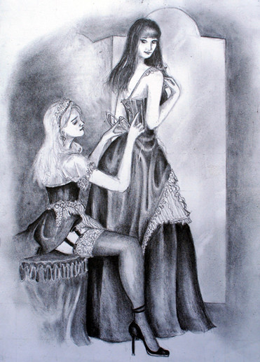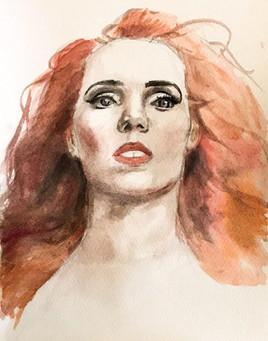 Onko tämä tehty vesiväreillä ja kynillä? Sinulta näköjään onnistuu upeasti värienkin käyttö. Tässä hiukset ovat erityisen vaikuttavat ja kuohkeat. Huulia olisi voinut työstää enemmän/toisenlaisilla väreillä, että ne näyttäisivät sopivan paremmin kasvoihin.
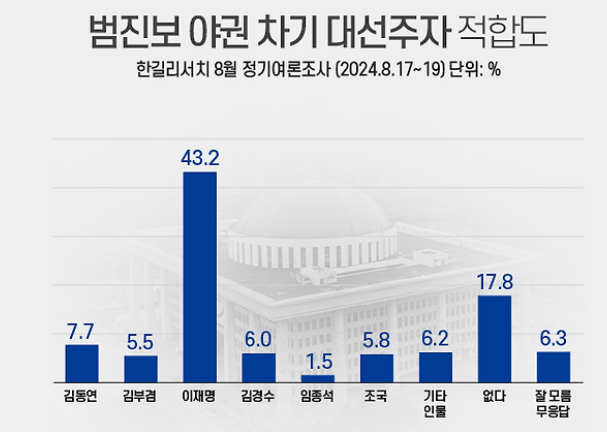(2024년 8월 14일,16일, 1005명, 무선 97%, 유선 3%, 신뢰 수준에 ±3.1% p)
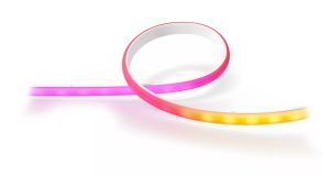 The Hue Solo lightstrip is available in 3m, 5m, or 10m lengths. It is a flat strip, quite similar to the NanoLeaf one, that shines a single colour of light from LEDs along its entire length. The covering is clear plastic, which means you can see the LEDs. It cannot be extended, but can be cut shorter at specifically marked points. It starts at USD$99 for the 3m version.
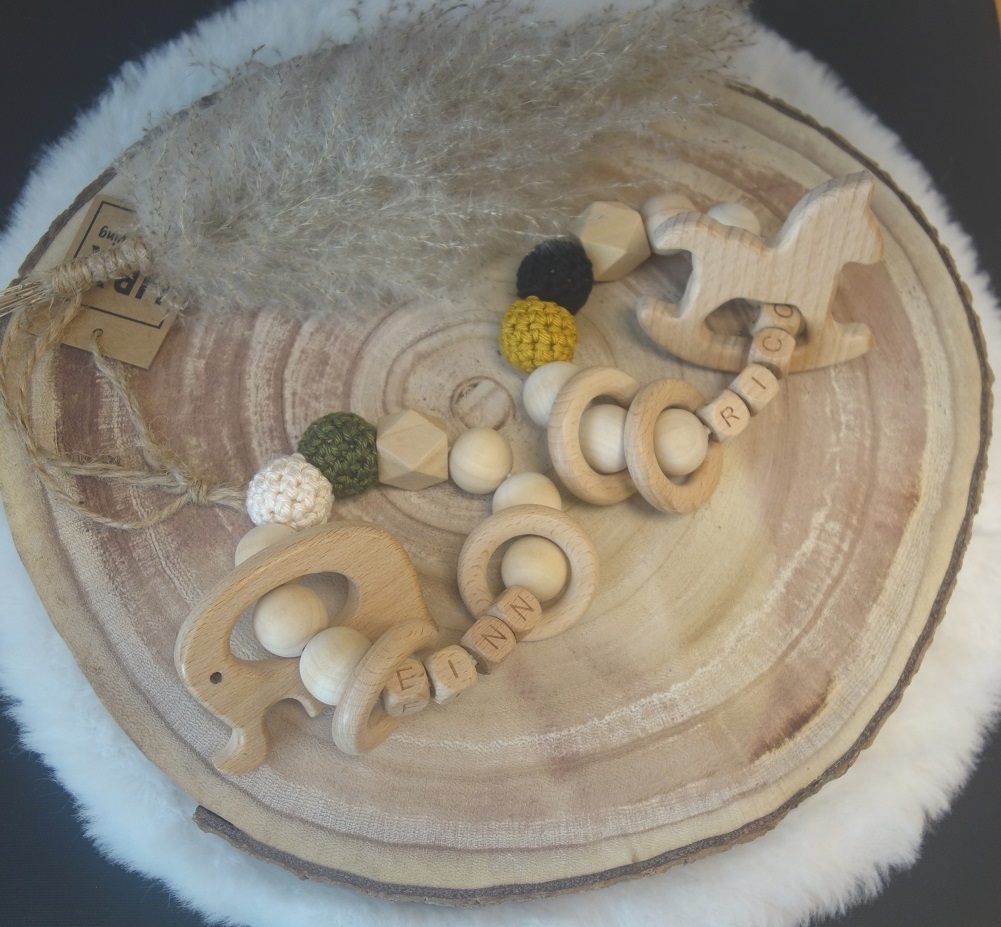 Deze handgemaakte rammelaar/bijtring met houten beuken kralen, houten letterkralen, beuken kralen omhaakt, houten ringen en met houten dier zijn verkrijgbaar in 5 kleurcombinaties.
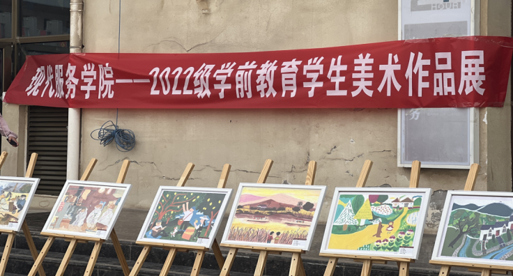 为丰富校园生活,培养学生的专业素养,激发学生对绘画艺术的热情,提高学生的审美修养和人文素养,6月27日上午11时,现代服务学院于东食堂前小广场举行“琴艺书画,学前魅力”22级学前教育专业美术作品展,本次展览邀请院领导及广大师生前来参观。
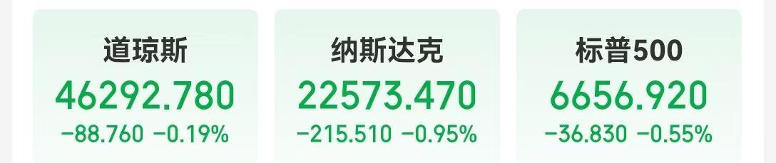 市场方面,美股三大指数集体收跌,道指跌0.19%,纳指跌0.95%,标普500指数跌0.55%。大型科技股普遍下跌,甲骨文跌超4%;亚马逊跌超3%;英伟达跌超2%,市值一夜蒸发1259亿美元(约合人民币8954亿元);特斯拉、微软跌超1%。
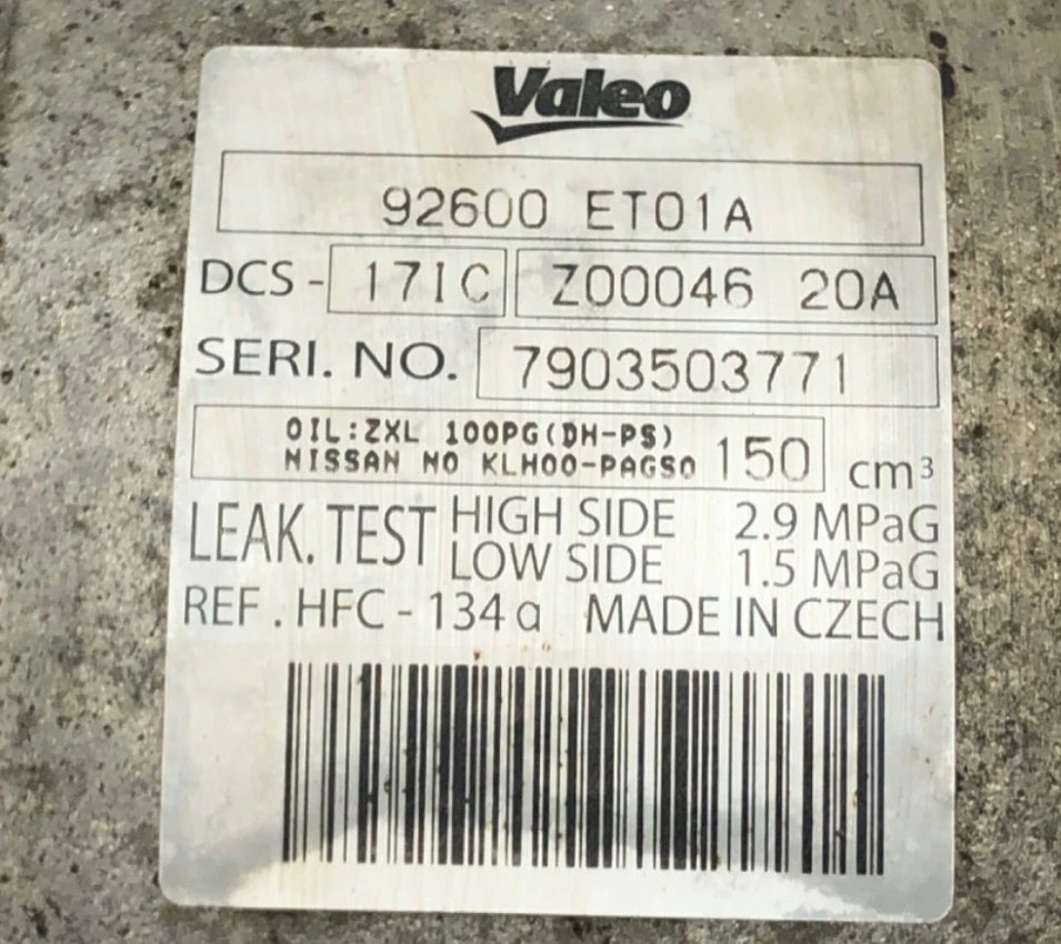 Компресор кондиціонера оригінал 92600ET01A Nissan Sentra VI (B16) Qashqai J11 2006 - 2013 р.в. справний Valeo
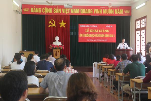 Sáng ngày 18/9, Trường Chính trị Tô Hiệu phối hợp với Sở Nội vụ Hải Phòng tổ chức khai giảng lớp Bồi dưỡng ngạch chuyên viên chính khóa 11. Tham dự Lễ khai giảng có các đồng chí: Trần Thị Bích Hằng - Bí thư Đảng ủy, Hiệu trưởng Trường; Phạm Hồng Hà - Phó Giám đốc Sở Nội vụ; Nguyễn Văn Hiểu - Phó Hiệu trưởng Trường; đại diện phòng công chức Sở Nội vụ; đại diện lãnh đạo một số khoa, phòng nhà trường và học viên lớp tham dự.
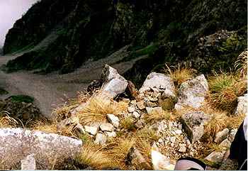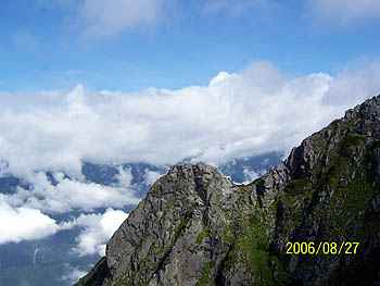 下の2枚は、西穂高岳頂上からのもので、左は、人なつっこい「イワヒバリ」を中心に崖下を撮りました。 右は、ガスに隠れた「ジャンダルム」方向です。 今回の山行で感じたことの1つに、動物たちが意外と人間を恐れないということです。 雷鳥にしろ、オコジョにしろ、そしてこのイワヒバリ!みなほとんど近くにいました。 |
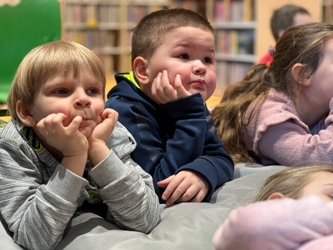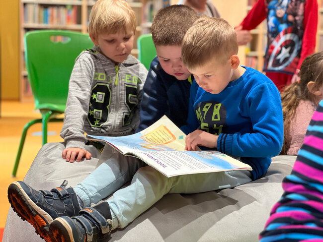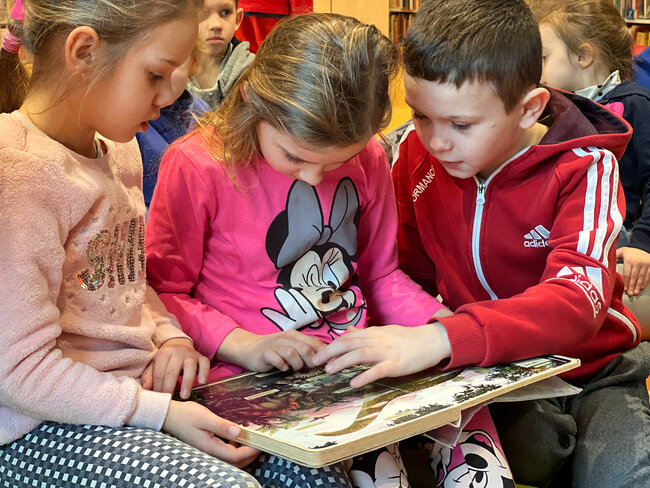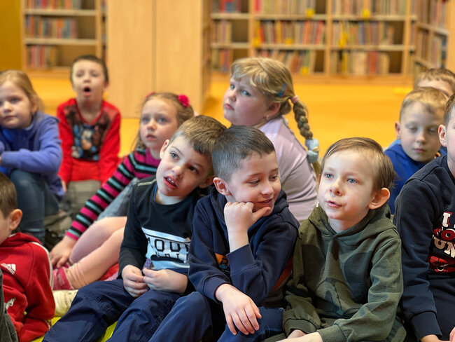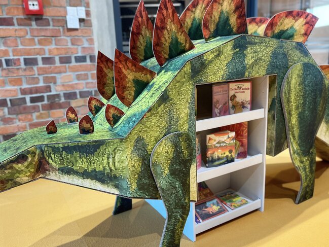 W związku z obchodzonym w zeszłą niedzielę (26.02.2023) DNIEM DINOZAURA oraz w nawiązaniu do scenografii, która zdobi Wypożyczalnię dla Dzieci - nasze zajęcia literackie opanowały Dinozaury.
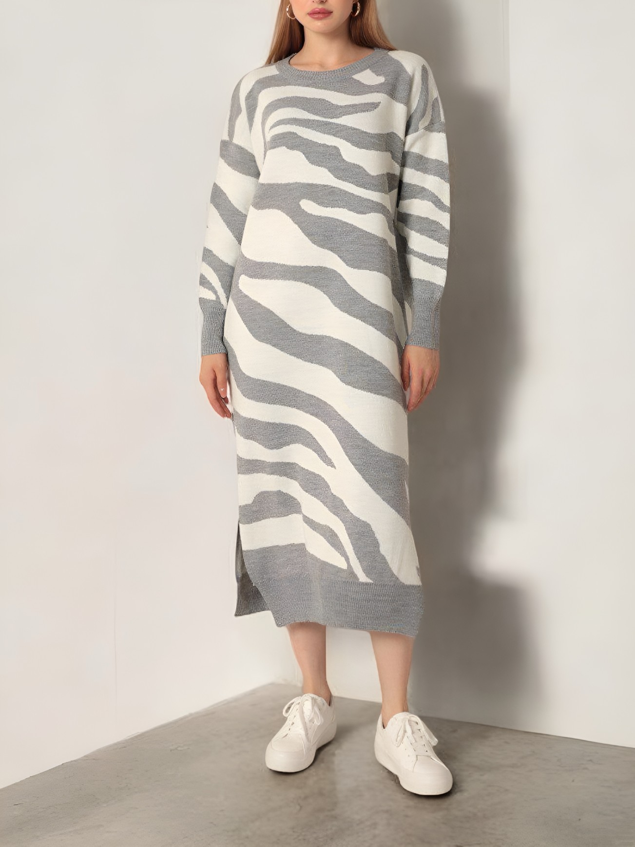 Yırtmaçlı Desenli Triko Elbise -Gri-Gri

▶ **TASK STATEMENT**
Pictures aside, return exactly the lines from the data above, starting at the line that has "(2024년 8월 14일,16일, 1005명, 무선" and ending at the line that has "Deze handgemaakte rammelaar/bijtring", both included.

▶ **EXERCISE SOLUTION**
(2024년 8월 14일,16일, 1005명, 무선 97%, 유선 3%, 신뢰 수준에 ±3.1% p)
 The Hue Solo lightstrip is available in 3m, 5m, or 10m lengths. It is a flat strip, quite similar to the NanoLeaf one, that shines a single colour of light from LEDs along its entire length. The covering is clear plastic, which means you can see the LEDs. It cannot be extended, but can be cut shorter at specifically marked points. It starts at USD$99 for the 3m version.
 Deze handgemaakte rammelaar/bijtring met houten beuken kralen, houten letterkralen, beuken kralen omhaakt, houten ringen en met houten dier zijn verkrijgbaar in 5 kleurcombinaties.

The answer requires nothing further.